In the material below, find the line with "第五步:(1)打开浏览器输入" and the line with "REQUEST FOR PROPOSALS", then output both and every line between them exactly, omitting pictures.

Input records:
--*--
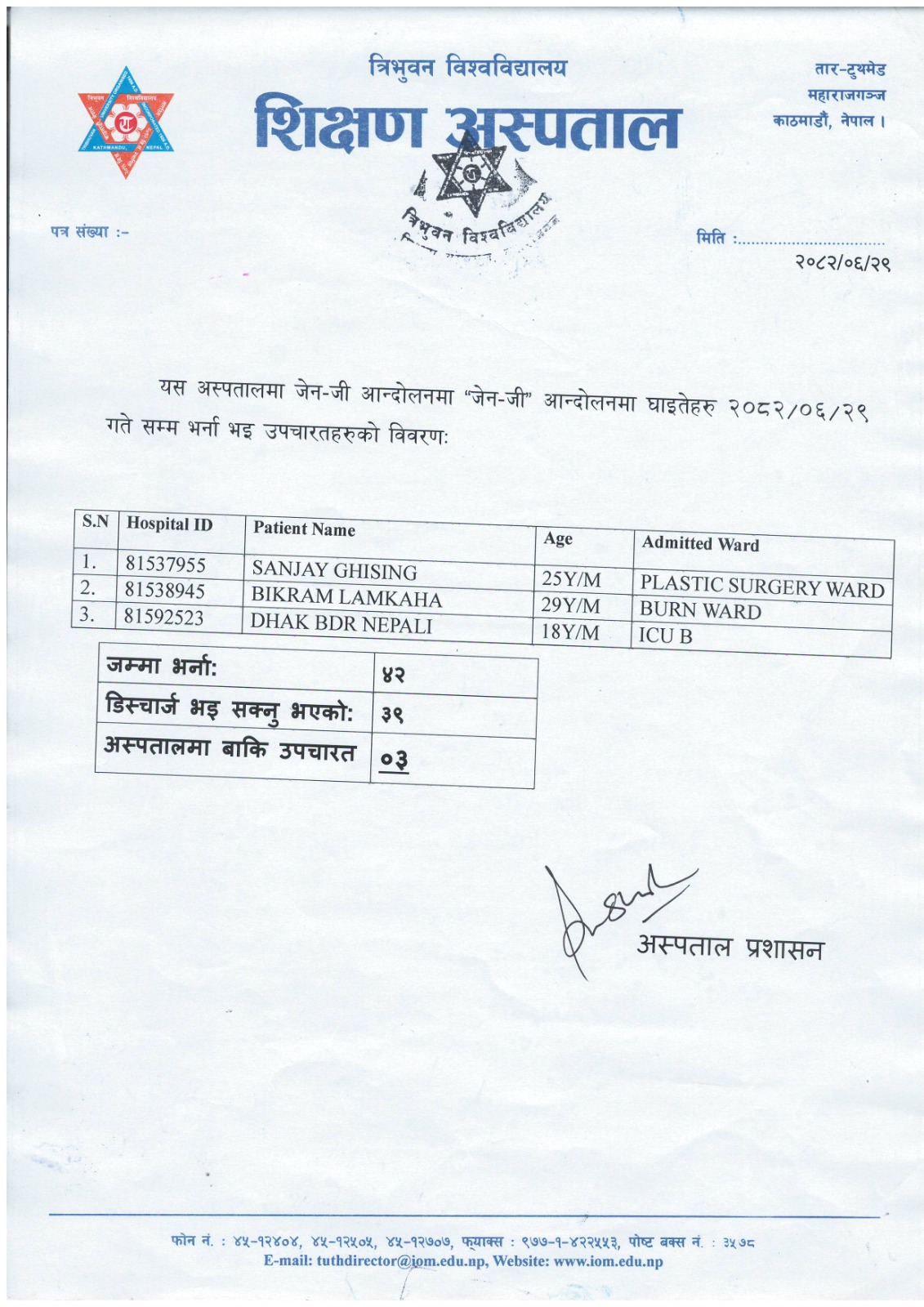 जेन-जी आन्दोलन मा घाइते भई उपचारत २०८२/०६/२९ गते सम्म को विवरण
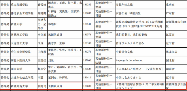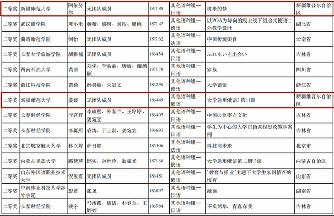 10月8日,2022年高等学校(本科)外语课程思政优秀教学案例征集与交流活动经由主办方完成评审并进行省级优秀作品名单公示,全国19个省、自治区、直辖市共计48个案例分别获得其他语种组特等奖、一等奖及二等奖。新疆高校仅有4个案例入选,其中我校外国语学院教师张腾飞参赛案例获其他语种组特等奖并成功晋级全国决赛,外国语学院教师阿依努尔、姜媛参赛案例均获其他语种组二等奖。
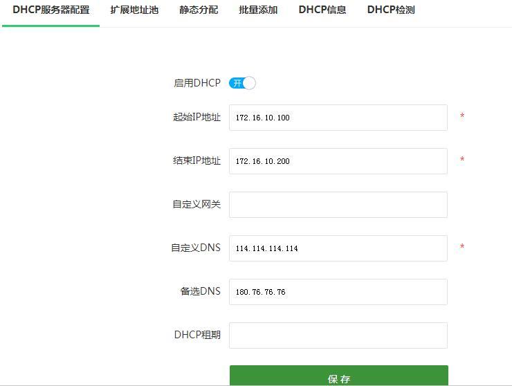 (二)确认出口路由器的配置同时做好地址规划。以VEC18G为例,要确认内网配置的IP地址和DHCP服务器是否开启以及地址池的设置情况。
--*--
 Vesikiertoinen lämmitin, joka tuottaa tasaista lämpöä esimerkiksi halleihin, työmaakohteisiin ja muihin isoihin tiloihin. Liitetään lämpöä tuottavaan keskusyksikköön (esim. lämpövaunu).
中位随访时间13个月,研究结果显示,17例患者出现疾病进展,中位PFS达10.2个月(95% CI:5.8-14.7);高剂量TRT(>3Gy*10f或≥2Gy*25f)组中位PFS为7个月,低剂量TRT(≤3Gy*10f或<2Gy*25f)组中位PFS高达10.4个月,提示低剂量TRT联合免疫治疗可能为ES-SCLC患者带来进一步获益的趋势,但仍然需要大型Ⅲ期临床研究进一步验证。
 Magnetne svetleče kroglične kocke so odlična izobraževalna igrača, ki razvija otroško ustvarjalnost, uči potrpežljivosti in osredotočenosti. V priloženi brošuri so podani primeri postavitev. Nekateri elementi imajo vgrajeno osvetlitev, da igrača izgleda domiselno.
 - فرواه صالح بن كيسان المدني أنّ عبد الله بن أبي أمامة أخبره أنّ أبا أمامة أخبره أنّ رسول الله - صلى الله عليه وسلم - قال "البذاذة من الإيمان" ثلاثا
--*--
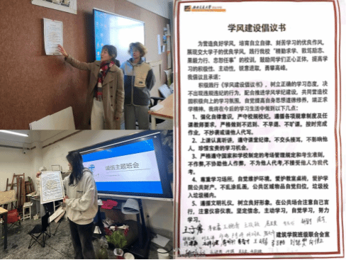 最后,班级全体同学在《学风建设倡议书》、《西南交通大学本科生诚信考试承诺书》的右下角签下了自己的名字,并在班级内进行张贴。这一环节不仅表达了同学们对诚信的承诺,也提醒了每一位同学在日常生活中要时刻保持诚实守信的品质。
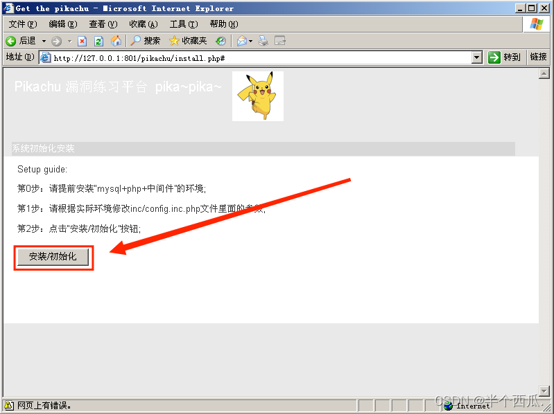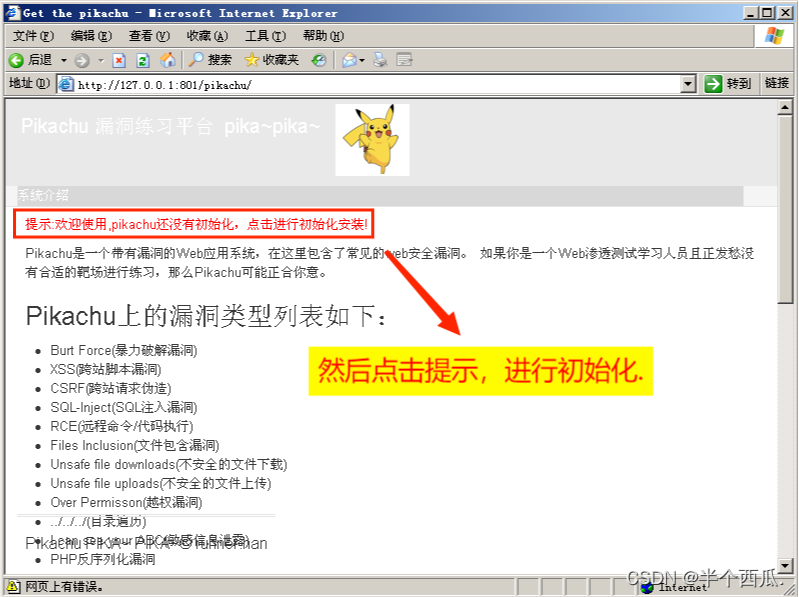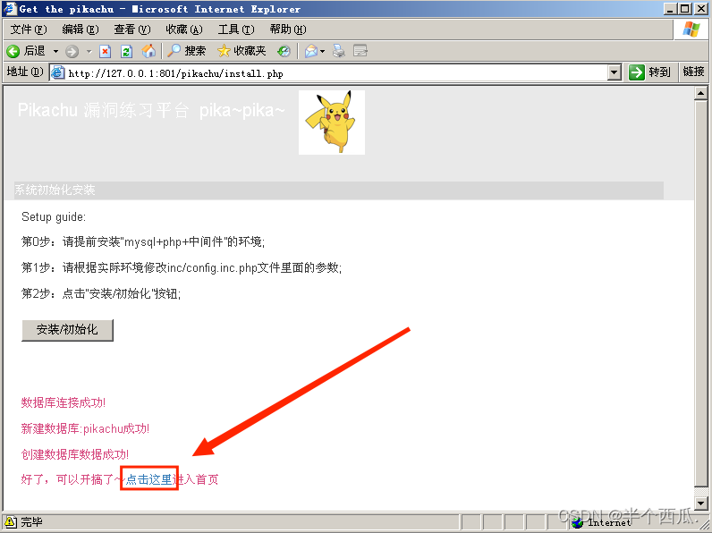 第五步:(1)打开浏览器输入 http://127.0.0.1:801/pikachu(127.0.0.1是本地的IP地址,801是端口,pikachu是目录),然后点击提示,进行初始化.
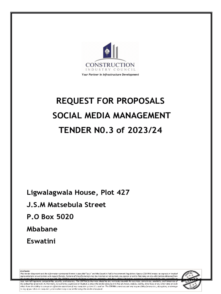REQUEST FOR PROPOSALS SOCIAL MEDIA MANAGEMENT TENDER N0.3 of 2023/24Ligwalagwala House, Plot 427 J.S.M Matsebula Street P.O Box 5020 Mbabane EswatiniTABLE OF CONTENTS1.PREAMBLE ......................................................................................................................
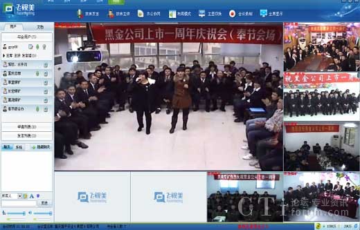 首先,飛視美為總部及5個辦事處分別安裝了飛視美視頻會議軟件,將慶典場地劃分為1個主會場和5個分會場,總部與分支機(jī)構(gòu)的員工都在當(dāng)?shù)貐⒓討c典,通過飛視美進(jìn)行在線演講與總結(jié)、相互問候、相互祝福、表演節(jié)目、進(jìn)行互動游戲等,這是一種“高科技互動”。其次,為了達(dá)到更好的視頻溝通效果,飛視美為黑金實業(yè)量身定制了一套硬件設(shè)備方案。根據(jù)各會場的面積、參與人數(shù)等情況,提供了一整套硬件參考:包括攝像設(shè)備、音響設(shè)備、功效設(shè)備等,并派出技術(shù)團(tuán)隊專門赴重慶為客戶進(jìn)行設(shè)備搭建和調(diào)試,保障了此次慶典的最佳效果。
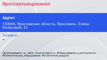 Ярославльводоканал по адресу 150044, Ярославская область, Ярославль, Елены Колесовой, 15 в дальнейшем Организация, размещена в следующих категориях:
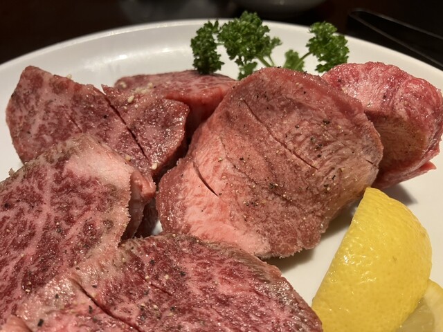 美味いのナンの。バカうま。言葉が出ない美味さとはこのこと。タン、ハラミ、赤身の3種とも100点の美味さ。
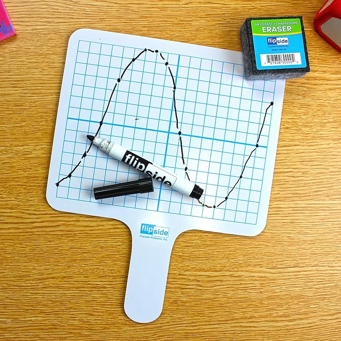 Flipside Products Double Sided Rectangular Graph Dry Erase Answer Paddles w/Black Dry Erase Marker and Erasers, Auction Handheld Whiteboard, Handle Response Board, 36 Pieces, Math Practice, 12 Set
--*--
Response to this exercise:
 第五步:(1)打开浏览器输入 http://127.0.0.1:801/pikachu(127.0.0.1是本地的IP地址,801是端口,pikachu是目录),然后点击提示,进行初始化.
REQUEST FOR PROPOSALS SOCIAL MEDIA MANAGEMENT TENDER N0.3 of 2023/24Ligwalagwala House, Plot 427 J.S.M Matsebula Street P.O Box 5020 Mbabane EswatiniTABLE OF CONTENTS1.PREAMBLE ......................................................................................................................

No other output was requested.